890 F.2d 420: Unpublished Disposition
- 890 F.2d 420
Before HUG, FARRIS and REINHARDT, Circuit Judges.
This diversity action for declaratory judgment was brought by Commercial Union Insurance Company ("the Carrier") to determine whether it owed a duty to defend and indemnify the Bauers in a lawsuit brought against them by persons who were injured in an explosion on a boat that was previously owned by them. The Carrier had provided a policy of insurance on the boat during the time it was owned by the Bauers. The claim against the Bauers was for negligence during the time that they owned the boat. The Carrier contends that the policy only covers liability for damages occurring during the time the policy was in force. The Bauers contend that coverage extends to damages resulting from any negligence of theirs with respect to the boat during the duration of the policy.
The Bauers first contend that the express language of the policy is ambiguous and under California law must be interpreted favorably to the insured. So interpreted, they contend the language of the policy provides coverage. The Bauers also contend that, even if the language of the policy does not cover the claim, the Carrier's agents "misrepresented the terms of the policy and/or their effect," thus imposing an obligation on the Carrier to extend the coverage to these claims.

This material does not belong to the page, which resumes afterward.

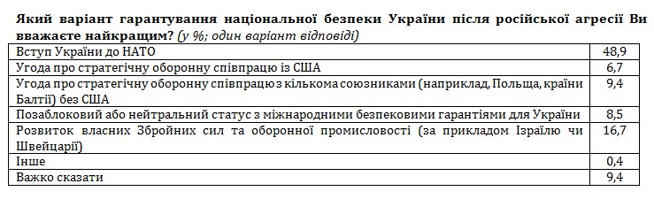Половина (49%) українців вважають вступ до НАТО найкращим варіантом гарантування безпеки для України. Ще 9% респондентів вважають, що надійніше буде укласти угоду про стратегічну оборону з декількома країнами за винятком США. Водночас 7% опитаних вважають, що угоду про стратегічну оборону варто укладати виключно з США. Крім того, 17% українців переконані, що найкращим гарантом безпеки для України може стати лише сама Україна, шляхом розвитку власних збройних сил. Ще 9% продовжують підтримувати позаблоковий статус для України з міжнародними безпековими гарантіями.
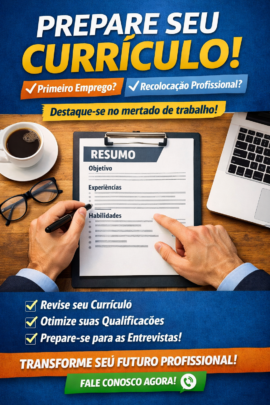 Ideal para quem busca o primeiro emprego, transição de carreira ou recolocação rápida no mercado.Como funciona: Após a compra, envie seu currículo atual e as vagas que deseja almejar.Aumente suas chances agora por apenas R$ 20,00!

The Carrier moved for summary judgment, which was granted by the district court. The judgment provided that the Carrier had no duty to defend nor to indemnify the Bauers on the claims filed against it. In its motion for summary judgment, the Carrier maintained that there were essentially only two facts that were pertinent--the date the insurance policy was canceled when the boat was sold, and the date of the injuries when the boat exploded after it was sold. There was no dispute as to these facts. It is clear that the injuries occurred after the date of the cancellation of the policy. The Carrier's motion for summary judgment, however, made no mention of the allegation of the Bauers in their Fifth Affirmative Defense that the Carrier's agents had "misrepresented the terms and/or effects of the policy." This allegation does present a factual question.
Fed.R.Civ.P. 56(c) for summary judgment states:
The judgment sought shall be rendered forthwith if the pleadings, depositions, answers to interrogatories, and admissions on file, together with the affidavits, if any, show that there is no genuine issue as to any material fact that the moving party is entitled to a judgment as a matter of law.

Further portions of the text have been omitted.